Medicines aren’t created from the results of a single paper, especially an obscure one with unexplained obscure citations. There are checks and balances. Medicines go through trials which don’t depend on citations. We’ve had ineffective medicines in the past, and it’s happened for other reasons. Notably, consider that the portion of ineffective and actively harmful medications were dramatically higher 50 and 100 years ago than today. If you’re worried about the effectiveness of medicines, then spend your limited time worrying about the anti-vax crowd. They are doing far more damage than people gaming academic citations.

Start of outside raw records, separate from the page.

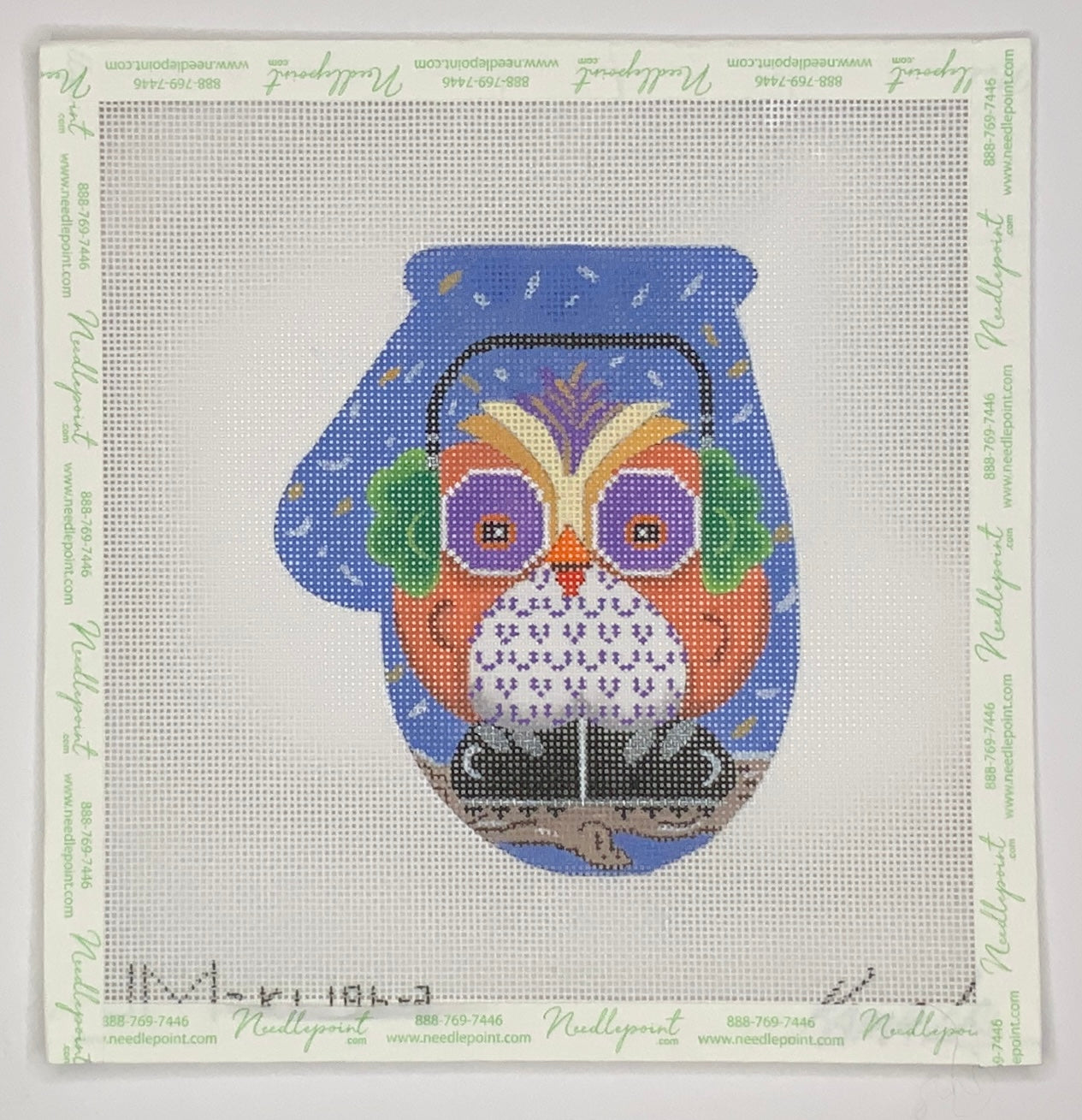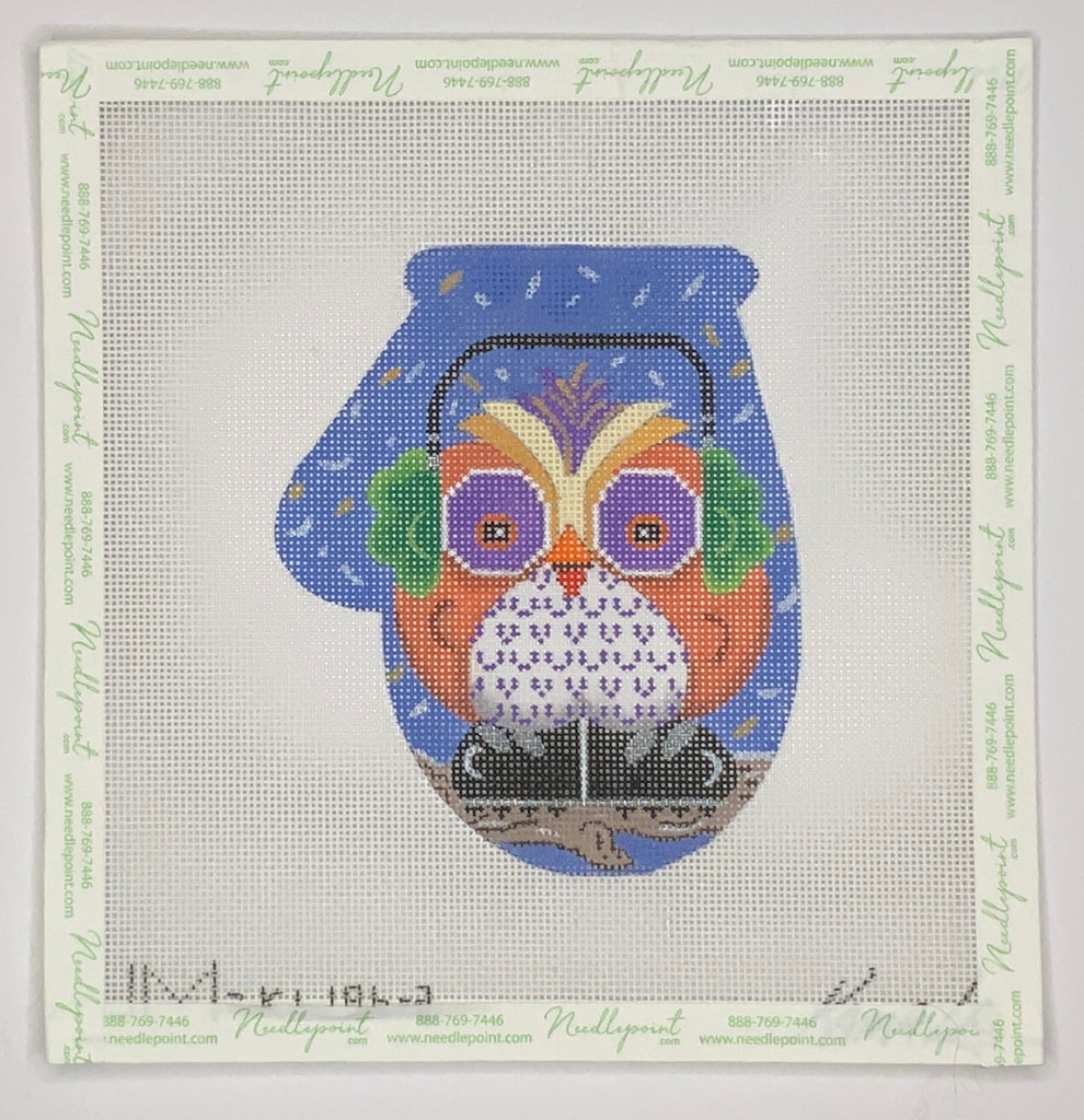 "Christmas Mitt - Owl w/ Muffs" painted canvas by Julie Mar
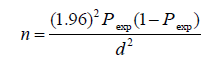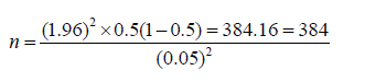 Where: n = required sample size; Pexp = expected prevalence; and d = desired absolute precision. The sample size was calculated based on 50% expected prevalence and with 5% absolute precision. So the calculated sample size was:
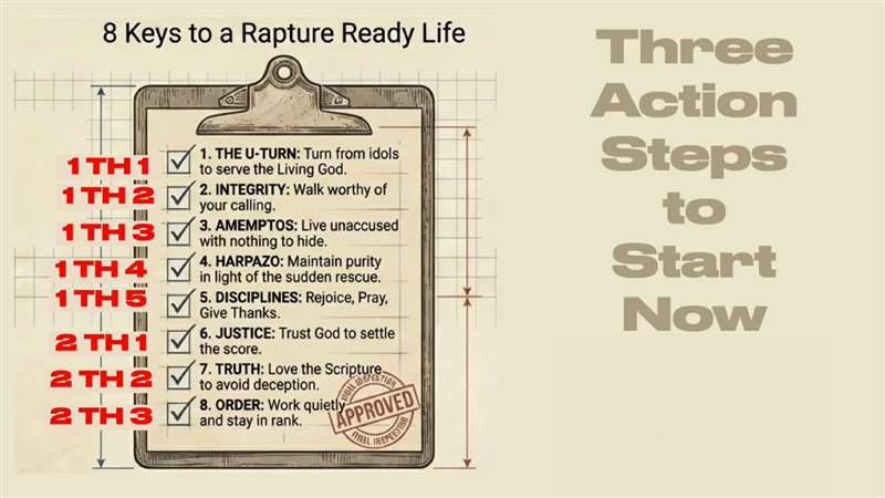 So, the eight keys to a Rapture Ready Life. We're going to study chapter one, chapter two on integrity, blameless before the Lord, the second coming of Christ in the weeks ahead. What a week. That's going to be a glorious week. How to discipline our lives and give thanks and not be like the world letting God His justice come and protect it from the lies of the devil in the world and artificial truth all around us and living that orderly life.
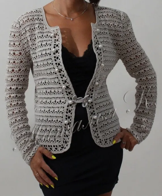 Жакет прекрасен! Лёгкий, изящный. Без вычурных узоров, которые, на мой взгляд, зачастую удешевляют изделие. Очень благородного цвета и с со вкусом подобранной фурнитурой. И с этой занятной петелькой, словно бы ставящей точку в похвале мастеру, создавшему такую прелесть. Восторг, да и только!
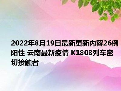 今天大家应该都在关注26例阳性 云南最新疫情 K1808列车密切接触者,那么很多小伙伴在关注的同时自然是想要了解到26例阳性 云南最新疫情 K1808列车密切接触者的具体来龙去脉了,新广小编今天也是特地在网络上搜集了一些相关的信息内容来分享给大家,感兴趣的小伙伴可以好好看下。
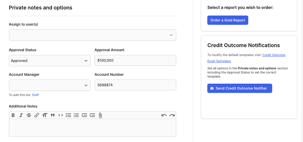 In your application's dashboard, you can assign an Approval Status, Approval Amount, Account Manager, and Account Number. Depending on the placeholders you have put in, this information will automatically populate the email template.

There will always be lines of research that lead nowhere, that’s an inherent feature of the system. Experimental research into unknown topics carries risk, and it should, otherwise it’s not research. If we knew the answer, then we wouldn’t need research.

For the same reason, there will also always be lines of research that don’t get funded. Citation gaming might have a small effect, but there are dozens of other ways human behavior affects what gets funded. And things that work tend to attract people that feel strongly and tend to attract research, so citation gaming doesn’t necessarily lead to strong research getting pushed out.

Gaming of papers is definitely a problem for academics and their careers, and it’s a problem that does need to be fixed, but it’s premature to think the sky is falling. Good science isn’t ending just because some people do bad or mediocre science.